The Interactive Brain Hypothesis
The IBH is concerned mainly with the brain mechanisms of social understanding. It is formulated with the aim of contributing to experimental social neuroscience but its more general implications also help us re-think social understanding as an act that depends on interactive elements.
The IBH helps landmark an outpost in the logical space of possible explanations in social neuroscience. It describes an extreme possibility, namely that all social brain mechanisms depend on interactive elements either developmentally or in the present, even in situations where there is no interaction. This may turn out to be true only in some cases, or even in none.
The IBH comes in two versions:
Developmental (DIBH): The functions of individual brain mechanisms involved in social understanding have been shaped during development by skillful engagements in social interactions where interactive processes have been involved in social performance in a more than contextual way.
Contemporaneous (CIBH): Even in the absence of immediate interaction, the functions of brain mechanisms enabling social understanding are derived contemporaneously from functions used primarily in skillful social interactions where interactive processes are involved in social performance in a more than contextual way.
In both versions, the IBH concerns the functionality of individual neural mechanisms and their role in social understanding. The IBH is not a hypothesis about performances.

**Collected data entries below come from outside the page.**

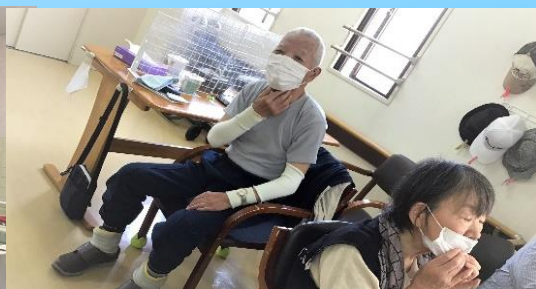
食事前には、口腔体操。手指消毒の徹底。
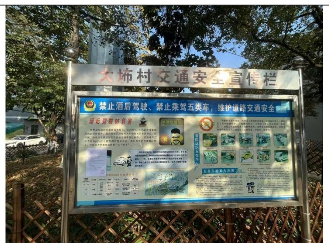
大布村现场粘贴公示照片
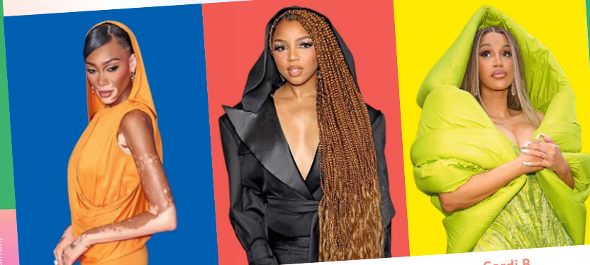
Winnie Harlow Modelo, 29 años
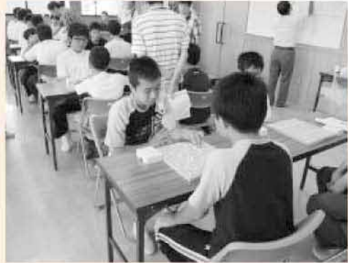
先を読みながら、慎重に一手を打つ子どもたち
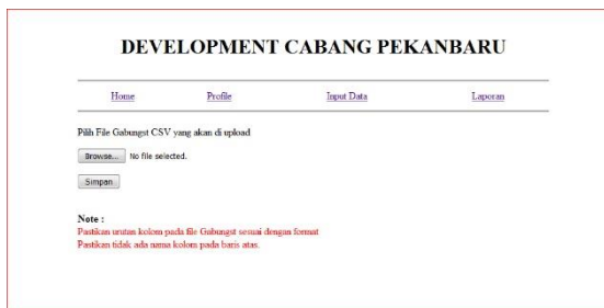
Gambar 3.7 Upload Gabungst

Upload Data Gabung ini berfungsi untuk mengupload data penjualan selama setahun yang sudah dilewati dalam bentuk csv, guna perhitungan Economic Order Quantity di tahun berikutnya.
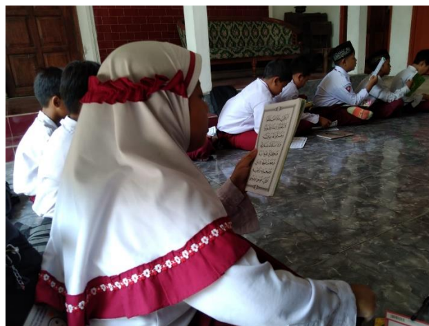
Gambar 5 : Kegiatan Dril “latihan” mengulang bacaan yang ada dibuku pegangan Metode Ummi yang dilakukan secara individu
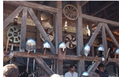
騎士ショーで撮影。城内で開かれていた武器屋さん。中世さながらの世界に先生も驚いたそうだ。

そうですね.....これだけ撮影してきていると、頭がいつでもカメラの事を考えるようになっていきますね。撮影とは関係なく、ただ道を歩いている時にも、この被写体なら何mmのレンズがいるなあ、なんて言ったりして。僕にとってカメラは体の一部ですね、もう。
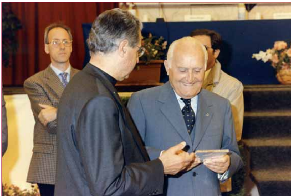
Una pausa durante i lavori del Convegno di preparazione al Giubileo 2000 che si tenne al Divino Amore

Ben arrivata fra noi; ben arrivata annunziata di pace. Ti aspettavamo, Mamma; ti aspettavamo fra un peccato e l'altro, fra una preghiera e un abbandono, fra un atto di fede e un tradimento... Credevamo che riempiendo le mani di cose materiali anche secondo giustizia, automati-
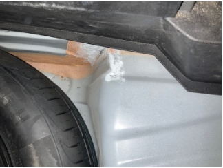
Arka bölüm, Bagaj havuzu > Ezic
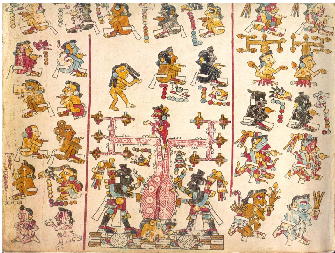
Códice Yuta Tnoho (Vindobonensis), p. 37: el árbol de Apoala.
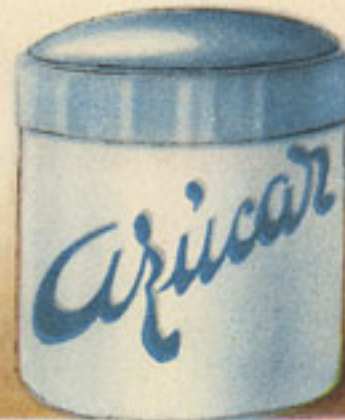
125 gramos azúcar
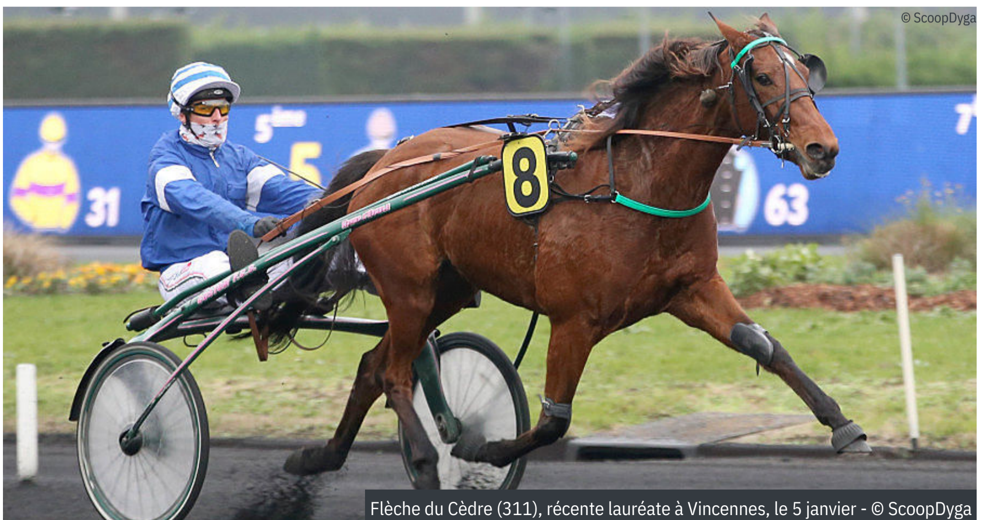
Flèche du Cèdre (311), récente lauréate à Vincennes, le 5 janvier

We use the term contextual in the sense indicated in Section “Why Should neuroscience Take Social Interaction (More) Seriously?” For interactive processes to be involved in cognitive performance in at most a contextual way means that their role in the outcome is one of “data”: i.e., the most we can establish is that variations in interactive factors introduce variations in outcome of the cognitive performance without affecting its functionality. To play more than a contextual role means that the interactive elements are more than data and become enabling (necessary) factors in determining not only the outcome but also the functionality of the processes underlying performance. The hypothesized involvement of interactive factors, both developmentally and contemporaneously, in shaping or sustaining neural mechanisms involved in social understanding is thus not trivial (as it would have been if we were concerned with merely contextual influences on the performance outcome introduced by aspects of interaction).

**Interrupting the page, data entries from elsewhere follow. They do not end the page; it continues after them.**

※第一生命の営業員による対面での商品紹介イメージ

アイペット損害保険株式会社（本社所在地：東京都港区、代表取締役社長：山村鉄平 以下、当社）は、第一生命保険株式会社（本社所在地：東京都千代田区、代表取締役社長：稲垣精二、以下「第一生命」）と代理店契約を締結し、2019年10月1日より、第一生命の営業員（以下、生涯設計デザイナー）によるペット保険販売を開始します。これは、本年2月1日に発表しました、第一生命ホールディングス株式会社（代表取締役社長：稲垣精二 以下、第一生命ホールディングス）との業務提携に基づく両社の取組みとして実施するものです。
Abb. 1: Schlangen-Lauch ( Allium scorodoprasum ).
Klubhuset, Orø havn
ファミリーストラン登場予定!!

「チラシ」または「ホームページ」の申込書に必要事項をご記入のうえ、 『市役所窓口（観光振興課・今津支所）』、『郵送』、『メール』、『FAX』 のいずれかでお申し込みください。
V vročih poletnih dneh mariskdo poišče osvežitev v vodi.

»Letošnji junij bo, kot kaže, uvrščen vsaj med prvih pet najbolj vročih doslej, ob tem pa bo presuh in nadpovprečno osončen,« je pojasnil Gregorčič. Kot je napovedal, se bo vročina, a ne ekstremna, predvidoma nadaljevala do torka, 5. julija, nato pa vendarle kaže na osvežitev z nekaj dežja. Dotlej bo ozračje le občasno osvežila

To avoid misinterpretations, it is important to emphasize what the IBH does not say. It does not claim that individual brain mechanisms play no important role in social understanding, even during engaged social interactions. On the contrary, it is concerned with the interactive origins and aspects of the functioning of neural mechanisms, because it recognizes them as essential. The involvement of these mechanisms in the explanation of various socio-cognitive phenomena is always something to be determined case by case rather than assumed a priori as is usually done. Neither does the IBH suggest that among the developmental precursors or among the current functional components of a given neural mechanism involved in social understanding we will find only interactive elements as enabling or constitutive factors. Several non-interactive factors and functional elements will undoubtedly also be required for the explanation of the functionality of brain mechanisms in social cognition. The IBH simply makes the non-trivial proposal that among the necessary factors, we will always find some enabling or constitutive interactive elements.

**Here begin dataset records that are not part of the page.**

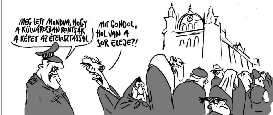
Pápai Gábor rajza – Népszava
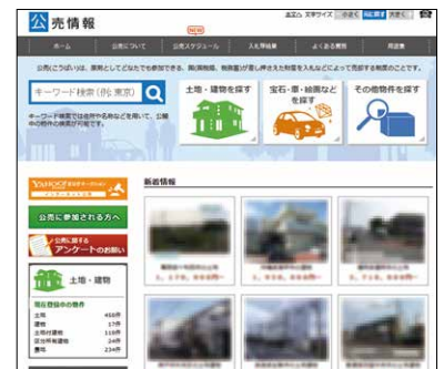
(国税庁ホームページ「公売情報」)
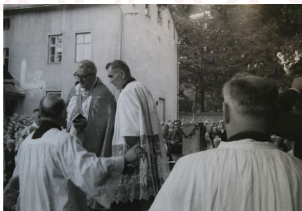
Svěcení základního kamene nového kostela 26. 6. 1969
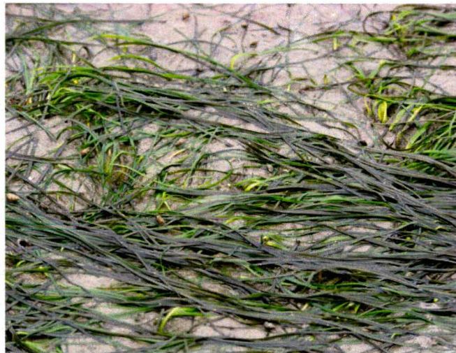
2) Detail van dichtbedekte plag in plot 17.
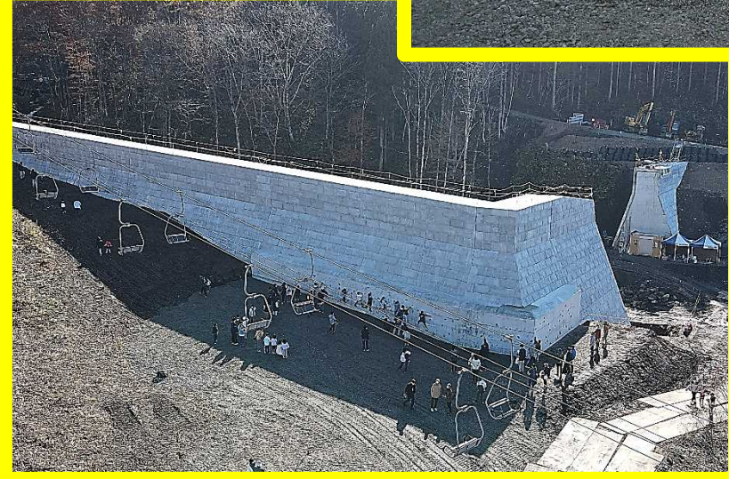
砂防ダム完成イメージ(工事中)
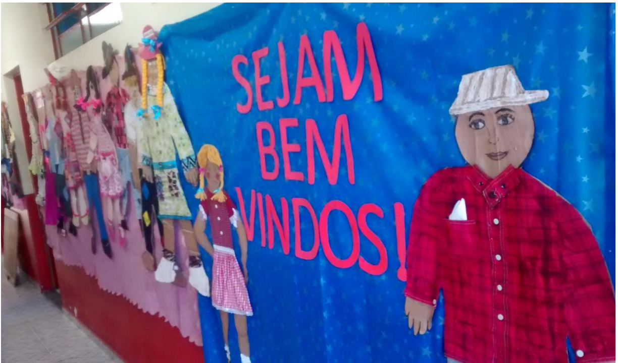
Figura 10: Acesso aos ambientes do CEIM Demboski.
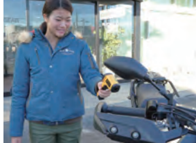
赤外線放射温度計を使い、グリップヒーターの温度を測定。
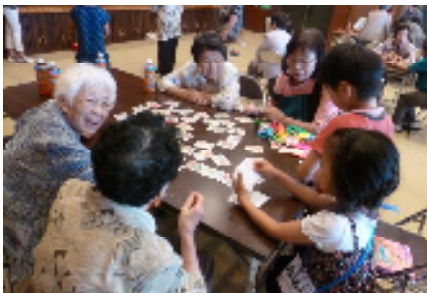
カルタ取りで交流

6月25日に和田地区社会福祉協議会主催の「和田小1・2年生と高齢者ふれあいの会」が行われ、小学生や高齢者など約80名が参加しました。小学生は運動会で踊ったソーラン節や大型の絵本を使って読み聞かせなどを披露しました。それらに対して、お年寄りは手拍子を打ったりうなずきながら聞いたりしていました。さらに、折り紙で鶴ややっこさんを折ったり、竹とんぼやけん玉などの昔の遊びをしたりして、両者は交流を深めていました。
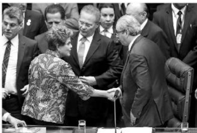
Acima, foto da votação do impeachment na sessão de 17 de abril, sob o comando de Cunha. Abaixo, Eduardo Cunha recebe Dilma, juntamente com Renan Calheiros, na abertura do ano legislativo de 2016, depois da autorização de abertura do processo de impeachment.
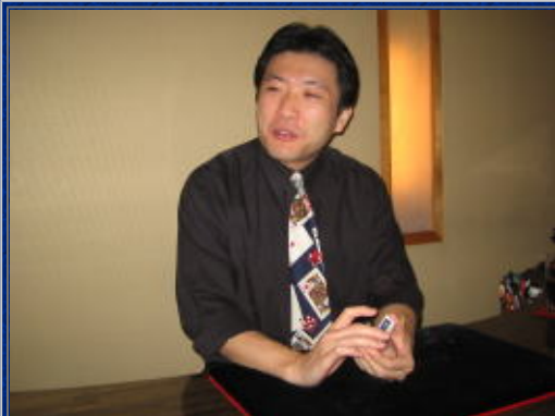
まずは最初のマジシャン登場

第一回目はテーブルマジックのお店！至近距離でマジックを披露していただきましたが素晴らしい職人芸に皆、唖然...「え？」「何で!？」の連発！1時間でしたが非常に楽しい時間でした。二次会は富永町花見西入の「ぱくぱくのはなじ」で宴会！美味しい料理とお酒で、ウエストクラブについて、提案、不満、希望などメンバーのいろいろな意見が飛び交い何か熱い楽楽会でした。少人数でしたが盛り上がって結構、面白かったです！今回参加されていないメンバーの方は次回は是非ともご参加下さい!!! ちなみに三次会はお決まりの不良中年トリオで豪遊！しかも隊長のおごり！ いや~(汗)またやってしもた~
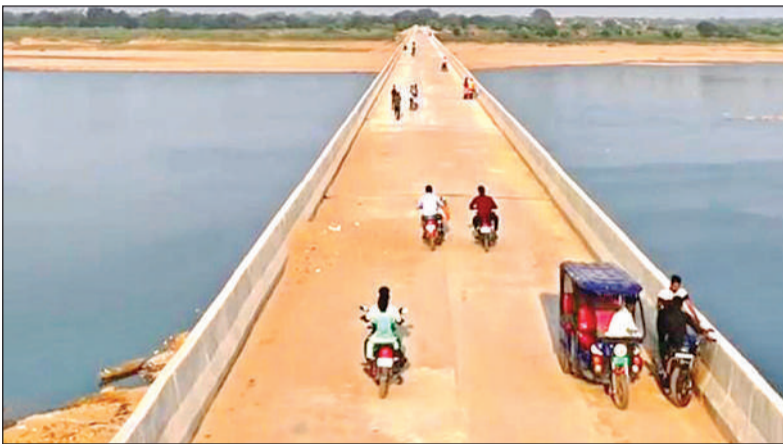
पुल से आवागमन करते हुए लोग।

Let's consider the context for the IBH. As we mentioned, we denote the assumption that some form of mindreading has priority over all forms of social cognition as the priority of mindreading stance. In particular, this position holds “that mindreading facilitates interaction rather than the other way around. On this view, mindreading has priority in the logic of how we interact with others; we first observe, then infer the other's beliefs, and only then, on this basis, engage in interaction” (Gallagher, in press). This follows the staged view that we have mentioned at the beginning of Section “Why Should Neuroscience Take Social Interaction (More) Seriously?”: “Signals arising from the environment impinge upon us. Sensations […] are turned into perceptions […]. Then, decisions are made about what should best be done in response to these perceptions […]. Actions are planned and finally output is initiated in the form of motor movements […]. Within this general framework of stimulus and response, we can have a subset of processes concerned with social stimuli (e.g., reading facial expressions), social decisions (Should I trust this person?) and social responses (making facial expressions)” (Frith, 2008, p. 2033). This position is seldom argued for explicitly and yet it is uncritically adopted very often. It can be found in the opening lines of many studies adopting the passive observer's view: “To successfully navigate the social world, we need to decode a dynamic stream of complex information [to] infer other humans' mental states, such as desires, intentions, emotions, and thoughts” (Wolf et al., 2010, p. 894). “Understanding and predicting other people's mental states and behavior are important prerequisites for social interactions” (David et al., 2008, p. 279). In spite of the observational stance adopted by the experimental evidence supporting the mindreading perspective (e.g., false-belief tests), “theory theorists have always emphasized that the primary use of mindreading is in interaction with others” (Carruthers, 2009, p. 167).
The position relies on an argument by default: “there is simply no other way (than using theory-driven computations of underlying mental states) of explaining our competence in this domain” (Carruthers, 2009, p. 47). The position also implies a representationalist view according to which mutual understanding involves the sharing of hidden “mental representations” (without attempting to specify what they are): “For successful interactions [we] need to share representations of the world” (Frith and Frith, 2007, p. R727). “Human social interactions crucially depend on the ability to represent other agents' beliefs even when these contradict our own beliefs, leading to the potentially complex problem of simultaneously holding two conflicting representations in mind” (Kovács et al., 2010, p. 1830). The priority of mindreading stance also sees interaction as a discrete chain of informational exchanges subserving the goal of passing “representations” “from transmitter to receiver” (Singer et al., 2003, p. xxii).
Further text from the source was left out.